What I've tried so far:
- Switched from a 750W Endorfy PSU to the current Corsair model—no changes.
- Before the 7900x3d, I had a Ryzen 7700 that experienced this issue much more often. It started infrequently but became more frequent over time. After about 6 months, it improved for a few months, then returned. I upgraded the CPU, which seemed to resolve the problem temporarily, but it's reappearing now. AMD provided a replacement (RMA), but that's not relevant at the moment.
- Updated the BIOS; it's not the latest version, but with the 7700 I had the newest BIOS without any impact.
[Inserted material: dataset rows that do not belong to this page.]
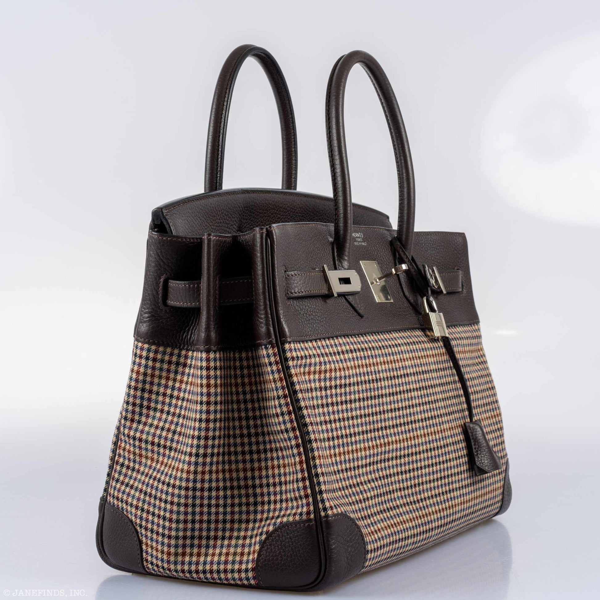 Hermes Birkin 35 Togo And Plaid Wool Lainage Palladium Hardware -Runway Bag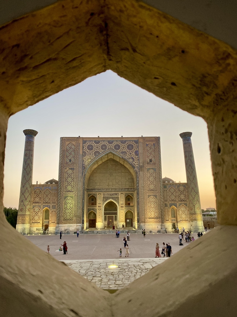 Trebuie spus că actualele constructii nu sunt originale. Cele mai multe dintre ele au fost dărâmate în timpul invaziilor mongole. Secolul trecut, pe măsură ce națiunea uzbekcă a început să se cristalizeze, presupun că au dorit să aducă la viață aceste elemente istorice și le-au reconstruit, punând accent foarte mare pe originalitate. Fără a cunoaste aceste amănunte, chiar ai crede că atunci când te afli in Samarkand ești în fața monumentelor originale. Recomand oricui o vizită în această zonă. Se ajunge destul de ușor via Istanbul, iar din Istanbul se poate alege: fie se zboară la Tașhkent, fie se zboară la Samarkand sau la Nukus. E vorba de 3-4 ore din Istanbul, o călătorie destul de acceptabilă cu avionul. În partea aceasta, să zicem pe vechiul Drum al Mătăsii, infrastructura este mai dezvoltată, există tren de mare viteză, sunt hoteluri pentru toate buzunarele și preferințele. De la hosteluri de 5-10 euro până la hoteluri butic de 100 euro. Se mănâncă bine, iar oamenii sunt fascinanți. Foarte primitori, foarte calzi. O țară foarte sigură. Recomand oricui. (Cristian Flueraru)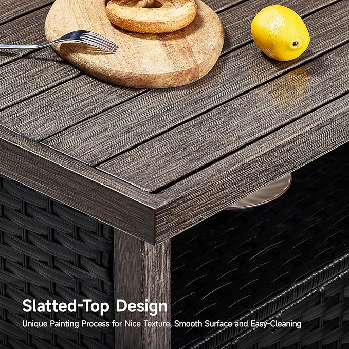- Hand-painted Slatted-top: Every slat is a canvas! Artisans meticulously paint the steel slats, creating unique patterns that shimmer under sunlight. The airy gaps between slats add farmhouse charm – perfect for setting out exquisite dinners and desserts. This isn’t just a outdoor bar, it’s a conversation-starting work of art!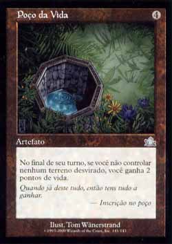 | Nome em Inglês: | Well of Life | | Nome em Português: | Poço da Vida | | Custo de Mana: |  | | Tipo: | Artefato | | Texto: | No início da próxima Etapa Final de seu próprio turno, se você não controla nenhum terreno desvirado, você ganha 2 pontos de vida. | | Série: |  | | Raridade: | Incomum | | Card: | 141 |

- The only customization on my system is the RAM, which runs at 6200 MT/s with EXPO (the advertised speed). With the 7700, I tested it at 6000 MT/s because the 6200 wasn't stable.
- I've disassembled and reassembled the PC multiple times, making sure everything was installed carefully—no changes made.
- Now the situation is frustrating. I'm not sure what's wrong. The CPU was new, almost brand new, and I bought it in February this year. It hasn't been overclocked.
- My other suspicion was the motherboard, but why did the problem disappear after upgrading the CPU for months?
- My next guess is it's the GPU or possibly the RAM, but both seem to work under load. I haven't reinstalled Windows yet; my PC is about 16 months old, and before these issues started, only the RAM and GPU were changed (the GPU swap was from AMD RX 6800 to RX 7900xt using DDU. I've tried DDU three times already, with GPU-reseats but no effect).
Any suggestions or assistance would be greatly appreciated.
Are you certain the mobile isn't adjusting settings excessively? This suggests the settings might be set to auto, and at low load voltages or amperage they become too high (since watts are low) and cause the system to fail. Alternatively, it could be the expo gradually wearing down the ram controller, which is integrated into the CPU.
I'm not sure if it's not pushing things too far. It's factory stock apart from the ram, but yeah maybe the ram settings are slowly killing the memory controller.
With the 7700 it seemed like a degradation issue, first crash was about after 6 months of use, then nothing for months, then by one year I had 1 crash/week.
Problem is I have no way of knowing if this is a degradation issue and I have no recourse but wait for it to get worse and then RMA the cpu. Then I can lower the memory speed with the next one.
It's also strange that after the crash the system would not post. I'm not sure what's going on there.
I have one update regarding the issue.
Recently, I received two to three driver updates for the GPU and encountered these driver timeout error messages. When did this happen? Exactly during idle time. It works fine under gaming loads, but if I leave the PC running for a few hours, I turn it back on and see the friendly error box from the AMD driver.
Based on this, I’m more inclined to think the GPU is the problem. It seems likely the GPU will need a replacement. Usually I’d wait for a driver fix, but with such a valuable GPU, it’s better to act now.